Translated Article: EU-US Summit Against Secure Encryption

Sanna/ March 31, 2021/ Legal, Stories/ 0 comments

Gipfel EU-USA gegen sichere Verschlüsselung by Erich Moechel for fm4.ORF.at

The agenda of the virtual meeting at a high-ranking official level in two weeks features pretty much all data protection-related topics that are currently controversial in Europe.

Joe Biden’s appearance before the EU Council of Ministers will be followed by a two-day video conference on April 14th at the top level of officials in the field of justice and homeland security between the EU and the USA. Practically all currently controversial issues around data protection are on the agenda, from cross-border data access for law enforcement officers to joint action against secure encryption.

This is also the case with the “fight against child abuse”, which is once again being instrumentalized for these general surveillance projects. Ylyva Johansson, EU Commissioner for Home Affairs and Justice, commissioned a consultation that ends on April 15th. It is peppered with leading questions, among the options are both the criminalization of encryption per se and the monitoring of all Internet communication.

Transatlantic front against E2E encryption

On the transatlantic conference agenda, the items “Responsibility for online platforms” and “Challenges with encryption and law enforcement” are hidden in the back third. The Portuguese Council Presidency will then present the highly controversial Council resolution “Security through encryption, security despite encryption” from November. This decision is nothing new for the US side because they had already passed an almost identical decision in October as part of the “Five Eyes” espionage alliance under the heading “End-to-end encryption and public security”.

And the concept called “Exceptional Access”, which a high-ranking GCHQ technician named Ian Levy introduced already in 2018 also comes from this alliance. Essentially, it boils down to the fact that services such as secure end-to-end encryption will no longer be possible between two or more participants because the providers are obliged to create duplicate keys. In addition, there must be a master key and some form of retention of the content, since chats, for example, are not stored permanently.

Here the Commission’s consultation asks what kind of communication is to be searched for what. Mind you, this is about private chats between individuals or small groups. It is noteworthy that the consultation also considers automatically reading in and analyzing texts from private chats.

The Commissioner’s leading questions

The Commissioner’s consultation contains pretty much all of the items that will come up at the civil servants’ summit in relation to the crackdown on encryption. As can be seen from the screenshot (above), the consultation does not linger long on irrelevant matters such as the fundamental rights of citizens, but already comes to the point at question number five, about what the main purpose of this communication to protect against child abuse is. “Some of the tools providers use to voluntarily detect, report and delete sexual abuse in their services do not work in encrypted environments. If there was a legal obligation to detect, report and delete abuse … should that obligation also apply to encrypted communications? “

The fact is that there is currently no such obligation for providers in the USA or in the EU. It is also a fact that the European Court of Justice – starting with data retention – has rejected any such unreasonable mass surveillance measure as violating fundamental rights. The consultation becomes even clearer with question number six: “If yes, what form should this legal obligation take? The only yes / no answer is:” Important providers of encrypted online services should be obliged to maintain technical capacities in order to proactively discover, report and delete child abuse”.

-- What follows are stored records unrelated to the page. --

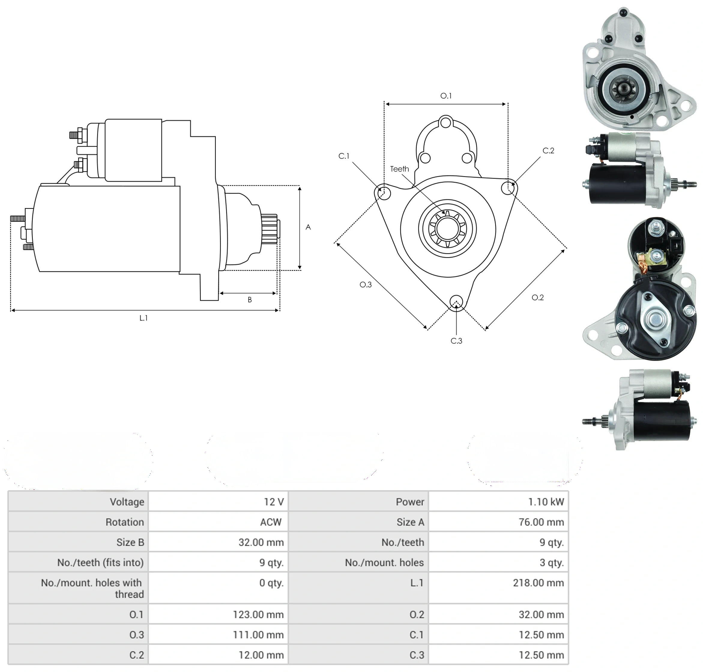 Starters Voltage [ V ] 12 Power [ kW ] 1.10 Rotation ACW Size A [ mm ] 76.00 Size B [ mm ] 32.00 No./teeth [ qty. ] 9 No./teeth (fits into) [ qty. ] 9 No./mount. holes [ qty. ] 3 No./mount. holes with thread [ qty. ] 0 L.1 [ mm ] 218.00 O.1 [ mm ] 123.00 O.2 [ mm ] 32.00 O.3 [ mm ] 111.00 C.1 [ mm ] 12.50 C.2 [ mm ] 12.00 C.3 [ mm ] 12.50
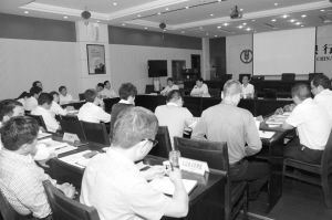 5月14日晚,周口農(nóng)行組織召開黨委中心組學(xué)習(xí)(擴(kuò)大)會議,集體學(xué)習(xí)《金融互聯(lián)網(wǎng)知識講座》、《黨建知識及上級行黨建工作有關(guān)要求》等內(nèi)容。圖為學(xué)習(xí)現(xiàn)場。(彭濤 攝)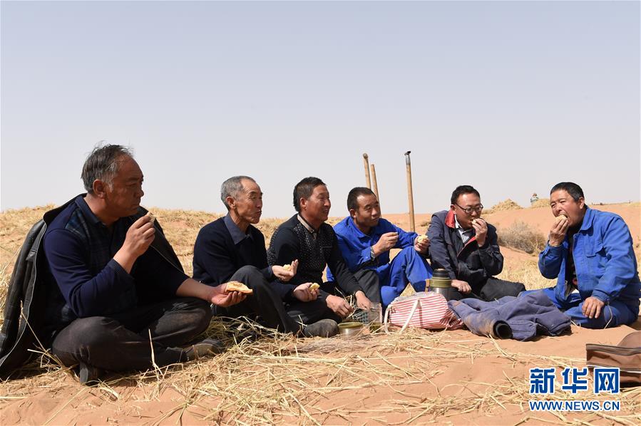 在甘肅省古浪縣境內(nèi)的黑崗沙風(fēng)沙口,八步沙第二代治沙人賀中強(qiáng)(左一)、郭萬(wàn)剛(左二)、石銀山(左三)、羅興全(右三)、程生學(xué)(右二)、王志鵬(右一)在休息間隙吃午飯(3月26日攝)。二十世紀(jì)八十年代,八步沙是騰格里沙漠南緣甘肅省古浪縣最大的風(fēng)沙口。當(dāng)?shù)亓荒挲g加在一起近300歲的老漢,在承包沙漠的合同書上按下手印,誓用白發(fā)換綠洲。38年過去,六老漢只剩兩位在世。

In question nine, it must have dawned on the Commission’s questioners that such a totalitarian surveillance regime inevitably has to go hand in hand with significant error rates. This clearly raises the question of liability for the industry.

Private chats, heuristics, mandatory reporting

In the planned monitoring regime, there is also a reporting obligation and that is where the problems begin, especially since algorithms, not people do the monitoring. As can be seen from the screenshot, the commission asks whether a search should be made only for known child abuse images in private (!) chats, or also for new, as yet unknown images. Known pictures mean that only a digital watermark of the picture or video needs to be created and matched with the watermarks in a database. Here, too, there are error rates of a few percent.

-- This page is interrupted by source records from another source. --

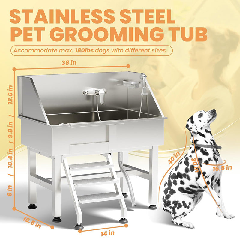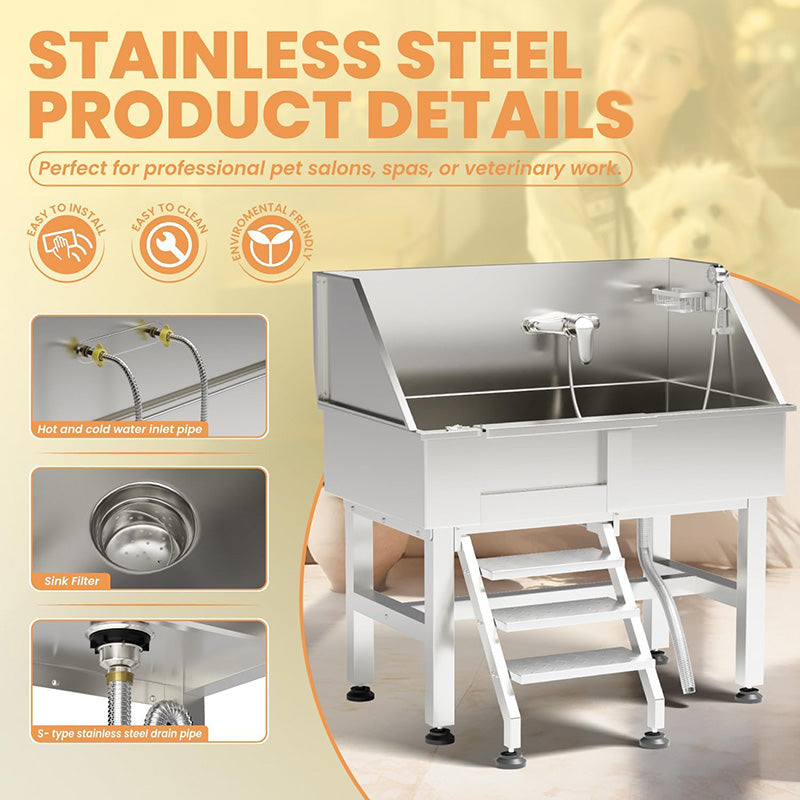 The pet tub is made of high-quality stainless steel material, durable and easy to clean.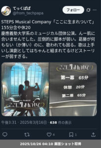 【ネタバレ分離】 STEPS Musical Company「ここに生まれついて」の観劇メモです。
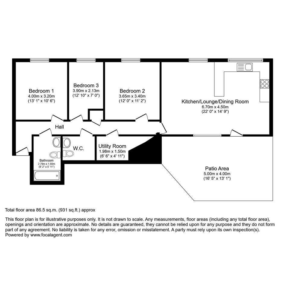 The property itself briefly comprises a Reception Hallway, three bedrooms, a spacious Kitchen/Lounge/Dining Room with access to a generous private patio, a Utility Room and a Bathroom with separate WC.

If, however, heuristic methods, for example in the form of “artificial intelligence”, are used to calculate the degree of probability that these are images of child abuse based on skin tones, colour distribution and body size, the wrong hits in particular rise considerably. So far, there are no reliable numbers for this offence, but ten to fifteen percent false hits are already considered to be a pretty good value for similar AI projects. The consequence is that such “hits” of the algorithms have to be checked by humans.

Who gets hit by wrong hits?

With WhatsApp alone, such a regulation would result in millions of images worldwide every day, which would have to be checked by people either at the operator or at the reporting office. In other words, they would be busy looking through vacation photos of families with children, which are sent privately to grandparents and other relatives via WhatsApp. Then there are the teenagers who send each other lascivious selfies, as is customary with sexting among young people. These are by far the largest groups of users of this chat application who will be affected by false hits if their communication secrecy is broken by algorithms.